Sisil memeluk tubuh sang Mama dengan lembut, sedangkan Mama Age terlihat biasa saja.
"Gimana kabar kamu disini?" tanya Mama Age sudah duduk di kursi itu.
"Gak baik Ma, rasanya gak enak. Tempat tidurnya cuma tikar, makanannya hambar, dan sempit sekali," jawabnya dengan sedih.
"Mama kesini mau keluarin aku kan?" tanya Sisil menatap ibunya dengan berbinar.
Runtuh sudah kepedean Sisil saat ini, kenapa Mamanya tak mau membebaskannya?
"Kenapa Ma? Apa Mama udah gak sayang lagi sama Sisil. Sisil tertekan ada disini," ujarnya dengan sedih.
"Itu semua juga salah kamu Sil!! Gara-gara kamu Mama hampir kehilangan apa yang sudah Mama dapat saat ini. Kamu tahu kan walau bagaimanapun Keyra anak kandung Papa kamu. Dia pasti tak terima kalau anaknya dilecehkan."

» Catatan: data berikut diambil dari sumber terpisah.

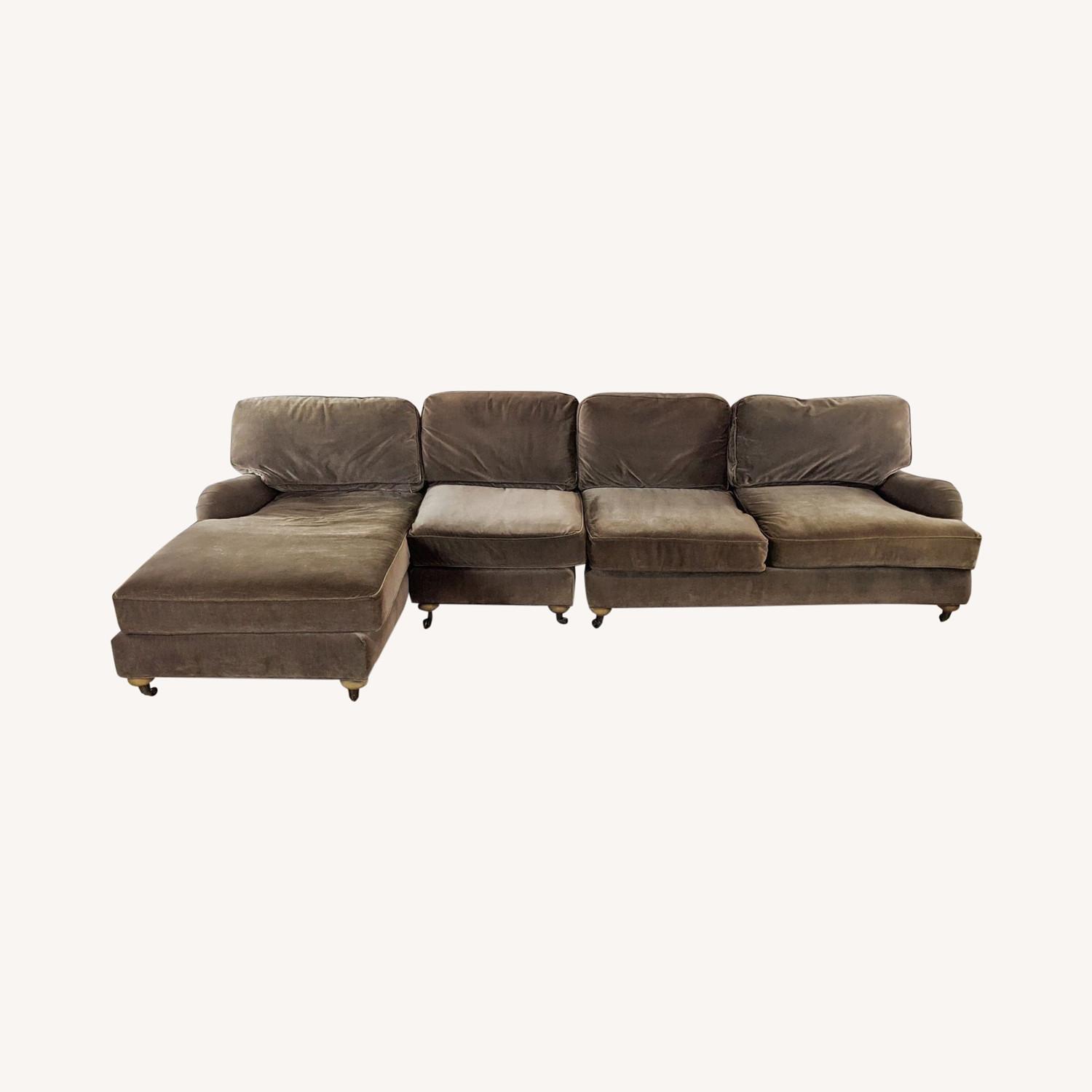Seller's Notes:Three Piece, Brown Velvet Sectional With Chaise Offers Traditional Styling With Modern Twist- Featuring Ruched Arms And Legs On Casters. Brand: Restoration Hardware. Dimensions: 123x61x28.

"Tapi aku punya alasan sendiri kenapa melakukan itu Ma!!"
"Apa karena kamu tak bisa memiliki cowok yang menjadi idola itu hah? Harusnya kamu sadar Sil, tanpa keluarga itu kita cuma gembel," sentak Mama Age yang tak habis fikir dengan jalan pikir anaknya ini.
"Banyak cowok yang lebih kaya dan lebih tampan dari dia Sil, tanpa harus mengorbankan apa yang sudah kita miliki."

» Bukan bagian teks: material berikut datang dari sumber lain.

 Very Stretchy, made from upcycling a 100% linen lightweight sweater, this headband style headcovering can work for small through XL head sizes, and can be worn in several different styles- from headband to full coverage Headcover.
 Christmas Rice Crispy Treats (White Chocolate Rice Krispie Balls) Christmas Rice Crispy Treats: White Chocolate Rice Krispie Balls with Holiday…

"Mama juga gak suka sama Keyra, tapi bukan berarti kamu seenaknya berbuat ini. Jika iya pun lakukan dengan halus. Ck ternyata kamu masih terlalu bodoh untuk ini!!"
Sisil menangis disana, ia tak menyangka jika ibunya memilih harta daripada menyelamatkannya. Sisil sadar dia salah, tapi apa tak ada rasa sedikit saja iba orang tuanya padanya. Walaupun anak tiri ia juga anak Papanya.
"Jalani hukumanmu ini dengan lapang dada karena Mama tak mau hidup susah lagi," ujarnya santai.
"Ini semua gara-gara Keyra, gue masuk penjara gara-gara dia. Mama gak peduli sama gue gara-gara dia, Papa marah dan gak sayang lagi sama gue gara-gara dia. Awas aja Key, suatu saat nanti kalau gue udah keluar dari sini. Gue akan ambil apa yang ada pada lu," batinnya berlaku begitu saja meninggalkan Mama Age yang masih duduk disana.
Mama Age hanya menggeleng melihat tingkah Sisil yang tak pernah berubah, sebenarnya ia ingin membebaskan putrinya tapi ia juga tak mau kehilangan kekayaannya selama ini.
Drtttt
"Halo ada apa?" tanya Mama Age.
"Aku merindukanmu, kapan kau kesini?" tanya seseorang dari seberang.
"Habis dari kantor polisi," jawabnya.
"Cepatlah datang, aku sudah tak tahan!!"
"Hmm."
Tuttt
Mama Age keluar dari kantor polisi menuju sebuah apartemen mantan suaminya. Yah, selama menjadi istri Papa Arga, Mama Age tak pernah mendapat kepuasan apapun dari pria itu. Ia juga wanita dewasa yang menginginkan belaian laki laki.
Hingga mantan suaminya datang dan menawarkan dirinya, dengan bodohnya Mama Age mau dengan tawaran itu. Mulai saat itu mereka selalu main dibelakang Papa Arga, dengan biaya pria itu ditanggung Mama Age.
Selain itu Mama Age juga sangat membutuhkan mantan suaminya akan keperkasaannya.